Utf-8 script error

Hi, I have a problem with a script. I always get the same error with the last defined variable, as shown below.

//error
Traceback (most recent call last):

File “event:actionPerformed”, line 25, in

File “C:\Users\adria.ignition\cache\gwlocalhost_8088_8043_main\C1\pylib\encodings\utf_8.py”, line 16, in decode

return codecs.utf_8_decode(input, errors, True)
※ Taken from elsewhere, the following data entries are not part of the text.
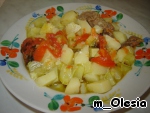 Картофель добавляем в кастрюлю к мясу и остальным овощам. Не перемешиваем. Варим на небольшом огне около 10 минут. При необходимости добавляем в кастрюлю кипяченую воду.
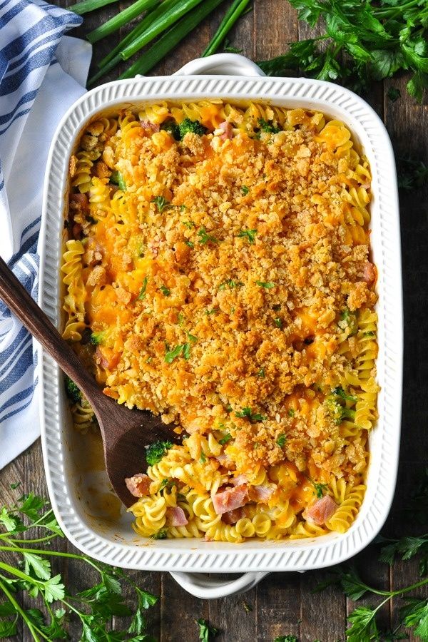 This cheesy Ham Casserole with noodles and broccoli is an easy dinner recipe to throw together on busy weeknights. Use up your leftover ham from a recent holiday, or purchase cubed ham at the grocery store — either way, your family will love this simple, hearty one dish meal!
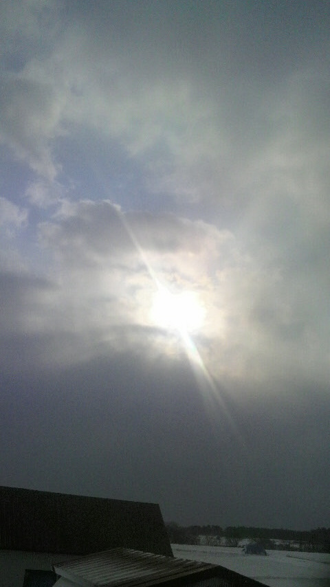 新年、朝から… 生憎の吹雪模様 しかしながら、午後になって… 雲の間から顔を出しました 文字通り、初日の出です いいことありますように ついつい、手を合わせちゃいました
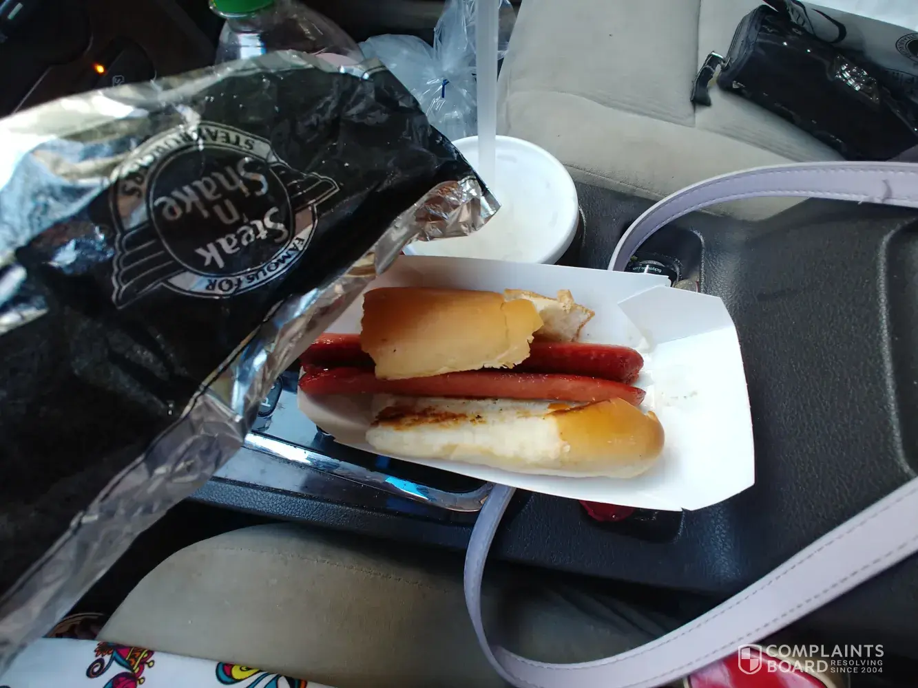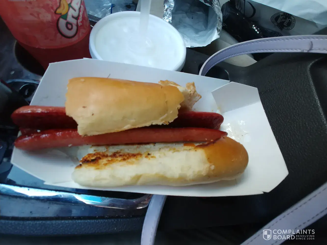 This is the worst food i have ever seen served from a fast food. Not only was the entire hot dog cut in half; it literally looked as if someone had already taken a bite out of the bun. This meal was for my 3 year old daughter and it was very unclean to receive in this manner.
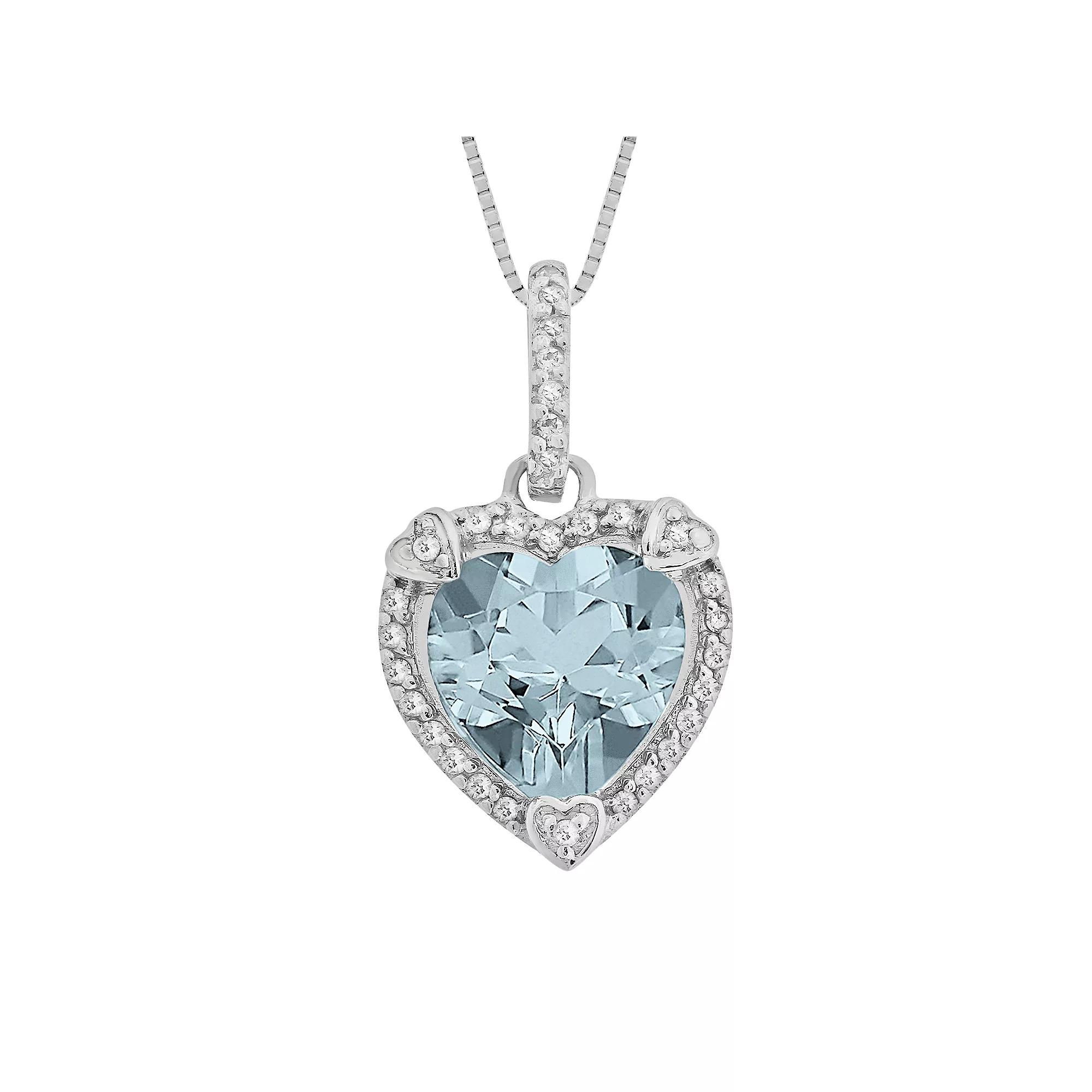 Gemminded Sterling Silver Lab-Created Aquamarine and Diamond Accent Heart Frame Pendant, Women's,
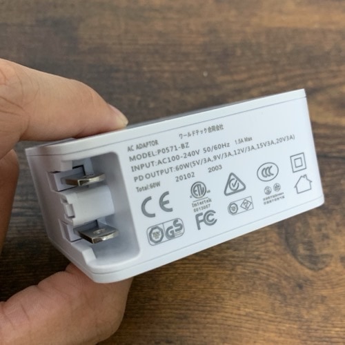 3台をフルスピードで充電するには30w以上の充電器が必要ですが、付属の充電器は60w出力タイプ。MacBookやiPad Proにも使える出力です。

UnicodeDecodeError: ‘utf-8’ codec can’t decode bytes in position 10-12: invalid data

//code
import time
import java
from java.io import File
from java.lang import *

pdf=event.source.parent.getComponent(‘pdf’).text
archivo = open(pdf, “rb”)
data = archivo.read()

if len(event.source.parent.parent.getComponent(‘incidencia’).text) <1:
event.source.parent.getComponent(‘asterisco’).visible=1
event.source.parent.getComponent(‘errorRojo’).visible=1
else:
event.source.parent.getComponent(‘asterisco’).visible=0
event.source.parent.getComponent(‘errorRojo’).visible=0
incidencia=event.source.parent.parent.getComponent(‘incidencia’).text
t_error=event.source.parent.getComponent(‘error’).selectedStringValue
f_inicio=event.source.parent.getComponent(‘f_inicio’).formattedDate
observaciones=event.source.parent.getComponent(‘observaciones’).text
f_sistema=time.strftime("%d/%m/%y %H:%M:%S")
event.source.parent.getComponent(‘observaciones’).text=""
event.source.parent.getComponent(‘pdf’).text=""
event.source.parent.parent.getComponent(‘incidencia’).text=""
DNI=event.source.parent.parent.DNI
query=“INSERT INTO incidencias (tipo_error, tipo_incidencia, observaciones,f_inicio, f_sistema, dni_operario, solucionado, doc_pdf) VALUES (’%s’,’%s’,’%s’,’%s’,’%s’,’%s’,’%s’,’%s’)” %(t_error, incidencia, observaciones, f_inicio, f_sistema,DNI ,“No”,data)
results=system.db.runPrepUpdate(query,[],‘DB’)

archivo.close()

runPrepUpdate requires a list of arguments. Putting all of your data into the query string defeats the purpose of using runPrepUpdate.

Try this:

[code]
query = “INSERT INTO incidencias (tipo_error, tipo_incidencia, observaciones,f_inicio, f_sistema, dni_operario, solucionado, doc_pdf) VALUES (?, ?, ?, ?, ?, ?, ?, ?)”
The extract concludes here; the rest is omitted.